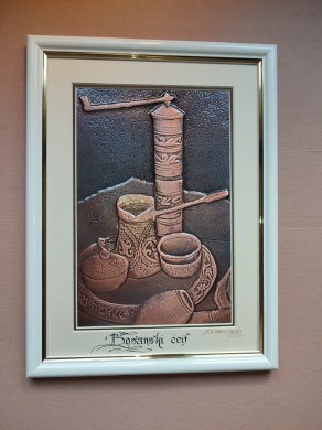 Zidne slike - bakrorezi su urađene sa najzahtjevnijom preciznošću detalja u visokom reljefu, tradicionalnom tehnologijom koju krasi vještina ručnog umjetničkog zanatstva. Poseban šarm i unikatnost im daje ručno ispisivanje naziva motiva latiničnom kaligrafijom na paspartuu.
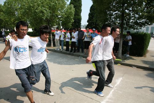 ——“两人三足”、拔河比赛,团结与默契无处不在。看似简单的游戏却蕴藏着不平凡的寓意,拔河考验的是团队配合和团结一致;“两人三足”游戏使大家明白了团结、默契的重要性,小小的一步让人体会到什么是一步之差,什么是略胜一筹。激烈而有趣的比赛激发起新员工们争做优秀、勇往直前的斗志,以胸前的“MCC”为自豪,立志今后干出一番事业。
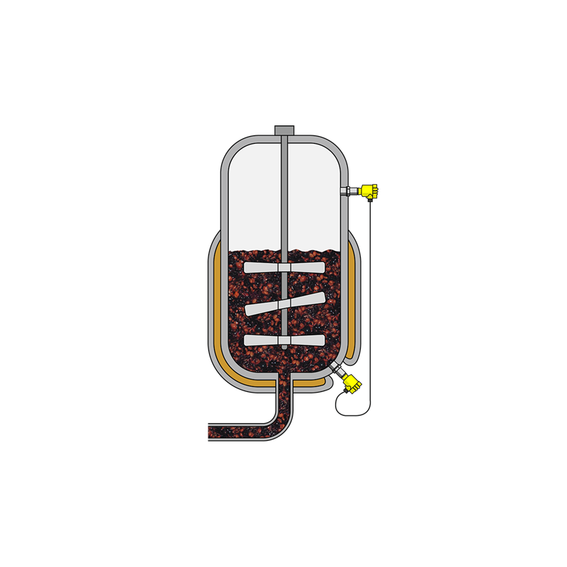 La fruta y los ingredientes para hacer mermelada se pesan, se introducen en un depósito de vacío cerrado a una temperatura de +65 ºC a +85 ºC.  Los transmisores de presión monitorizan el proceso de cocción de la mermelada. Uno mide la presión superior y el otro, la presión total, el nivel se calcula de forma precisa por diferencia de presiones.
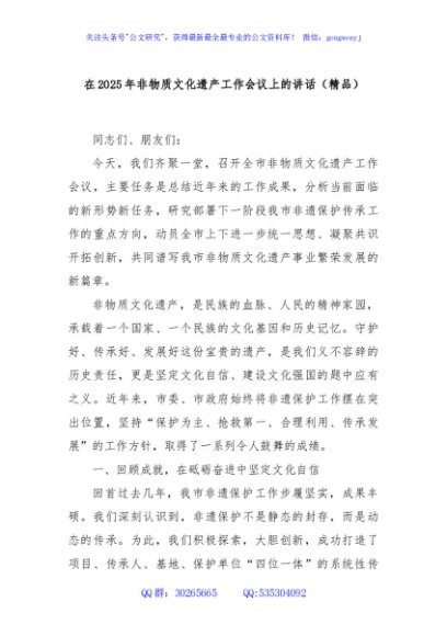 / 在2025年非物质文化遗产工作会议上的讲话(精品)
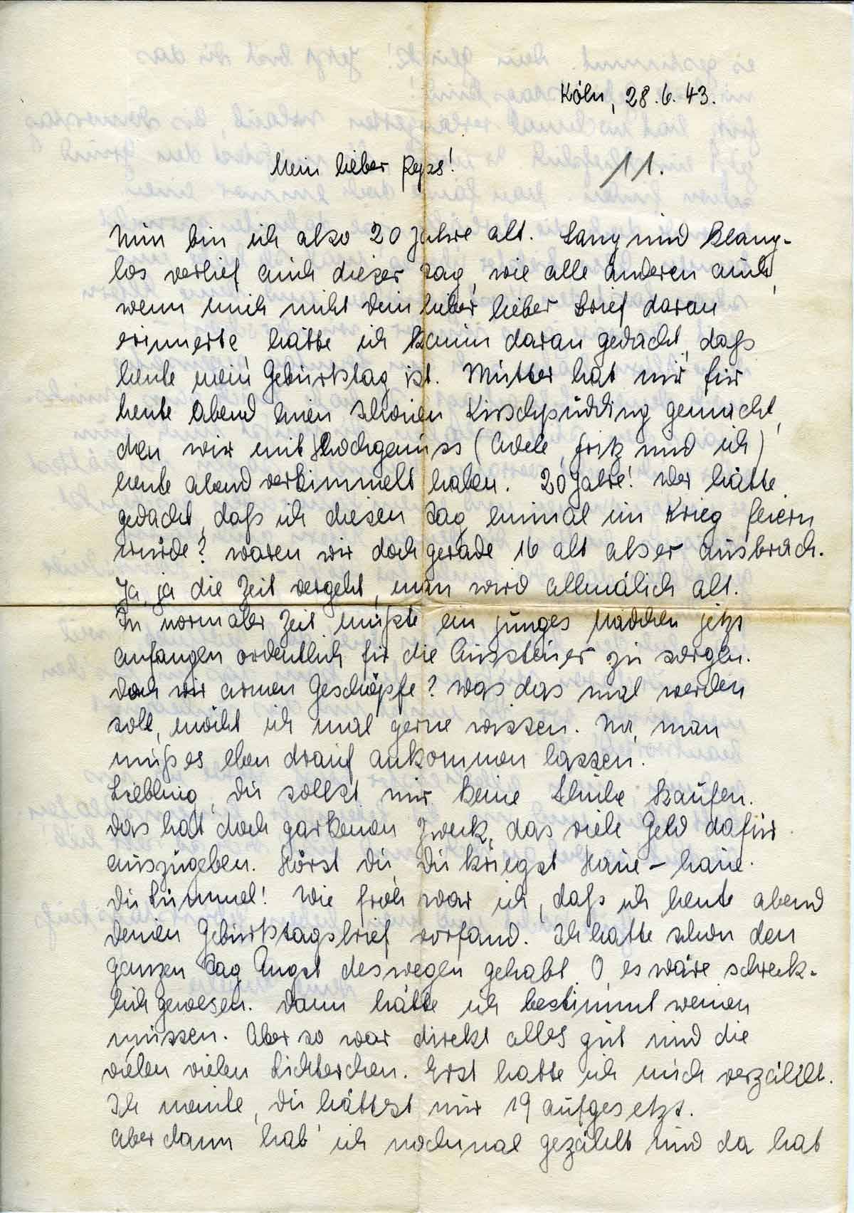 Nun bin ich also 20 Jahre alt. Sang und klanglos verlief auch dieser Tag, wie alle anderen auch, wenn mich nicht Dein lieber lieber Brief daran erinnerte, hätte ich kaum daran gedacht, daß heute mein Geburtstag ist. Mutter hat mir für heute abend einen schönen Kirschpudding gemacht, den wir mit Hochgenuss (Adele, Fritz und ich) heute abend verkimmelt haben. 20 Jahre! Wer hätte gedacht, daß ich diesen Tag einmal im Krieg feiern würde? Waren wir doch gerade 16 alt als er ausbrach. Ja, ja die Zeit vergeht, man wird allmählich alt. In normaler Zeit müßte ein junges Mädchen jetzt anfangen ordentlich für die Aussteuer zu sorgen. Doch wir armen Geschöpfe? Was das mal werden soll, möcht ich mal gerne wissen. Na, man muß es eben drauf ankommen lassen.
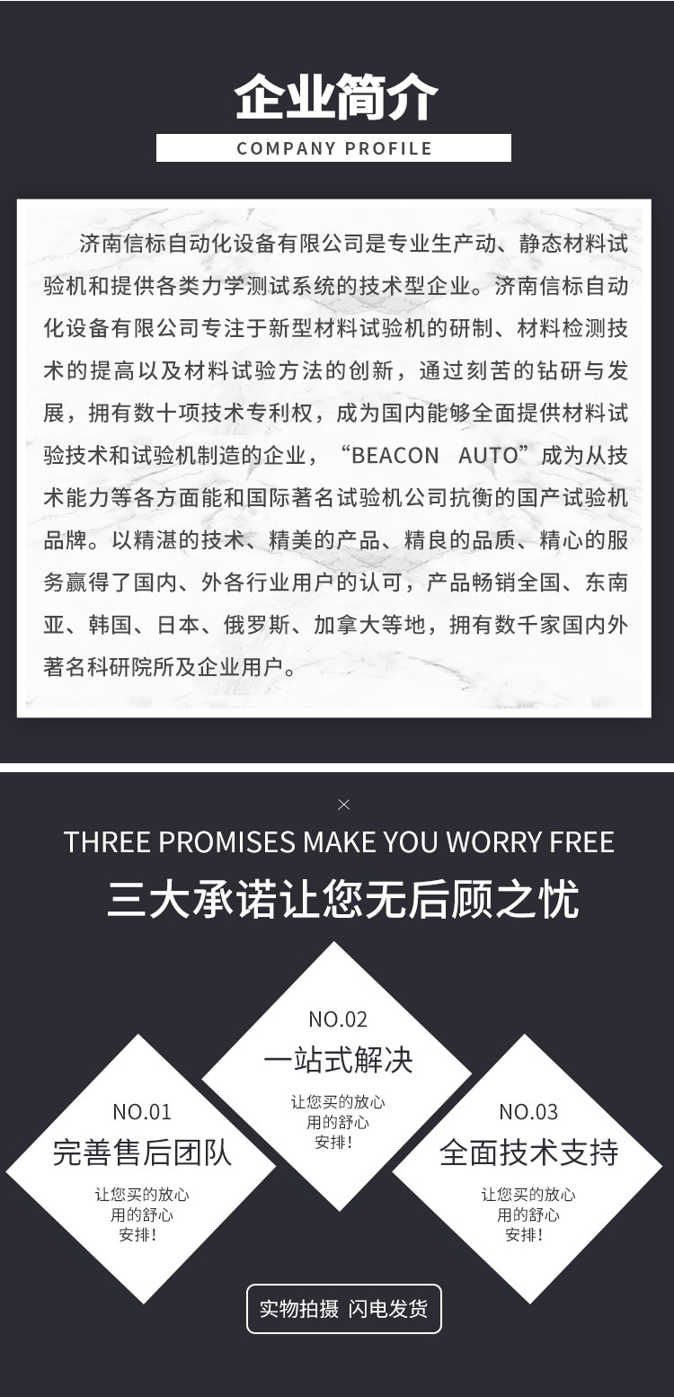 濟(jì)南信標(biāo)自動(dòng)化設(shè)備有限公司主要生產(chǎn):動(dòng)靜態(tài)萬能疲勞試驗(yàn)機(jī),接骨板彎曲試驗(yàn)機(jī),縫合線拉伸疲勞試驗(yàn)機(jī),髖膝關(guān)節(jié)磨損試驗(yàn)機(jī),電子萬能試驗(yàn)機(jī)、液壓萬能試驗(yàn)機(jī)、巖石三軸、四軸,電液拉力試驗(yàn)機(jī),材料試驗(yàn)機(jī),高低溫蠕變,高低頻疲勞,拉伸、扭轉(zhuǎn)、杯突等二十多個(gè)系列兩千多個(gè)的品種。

...

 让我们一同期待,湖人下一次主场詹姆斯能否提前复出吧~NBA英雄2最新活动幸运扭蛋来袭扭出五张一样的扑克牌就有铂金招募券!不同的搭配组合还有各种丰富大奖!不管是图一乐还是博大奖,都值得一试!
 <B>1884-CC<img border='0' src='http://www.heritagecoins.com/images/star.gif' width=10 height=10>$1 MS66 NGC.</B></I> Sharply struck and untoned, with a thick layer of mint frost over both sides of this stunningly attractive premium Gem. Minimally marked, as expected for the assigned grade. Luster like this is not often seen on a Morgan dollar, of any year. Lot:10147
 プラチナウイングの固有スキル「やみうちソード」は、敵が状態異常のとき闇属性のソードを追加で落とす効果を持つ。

==

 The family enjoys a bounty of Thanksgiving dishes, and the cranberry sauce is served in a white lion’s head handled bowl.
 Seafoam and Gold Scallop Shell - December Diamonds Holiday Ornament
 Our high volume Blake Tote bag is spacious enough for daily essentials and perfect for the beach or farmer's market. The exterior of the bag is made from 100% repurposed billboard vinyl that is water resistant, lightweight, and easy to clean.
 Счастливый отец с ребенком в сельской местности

## What you have to do
Using the data above, reproduce exactly the lines from the line that contains "让我们一同期待,湖人下一次主" through the line that contains "プラチナウイングの固有スキル", including both.

## Reply to the task
 让我们一同期待,湖人下一次主场詹姆斯能否提前复出吧~NBA英雄2最新活动幸运扭蛋来袭扭出五张一样的扑克牌就有铂金招募券!不同的搭配组合还有各种丰富大奖!不管是图一乐还是博大奖,都值得一试!
 <B>1884-CC<img border='0' src='http://www.heritagecoins.com/images/star.gif' width=10 height=10>$1 MS66 NGC.</B></I> Sharply struck and untoned, with a thick layer of mint frost over both sides of this stunningly attractive premium Gem. Minimally marked, as expected for the assigned grade. Luster like this is not often seen on a Morgan dollar, of any year. Lot:10147
 プラチナウイングの固有スキル「やみうちソード」は、敵が状態異常のとき闇属性のソードを追加で落とす効果を持つ。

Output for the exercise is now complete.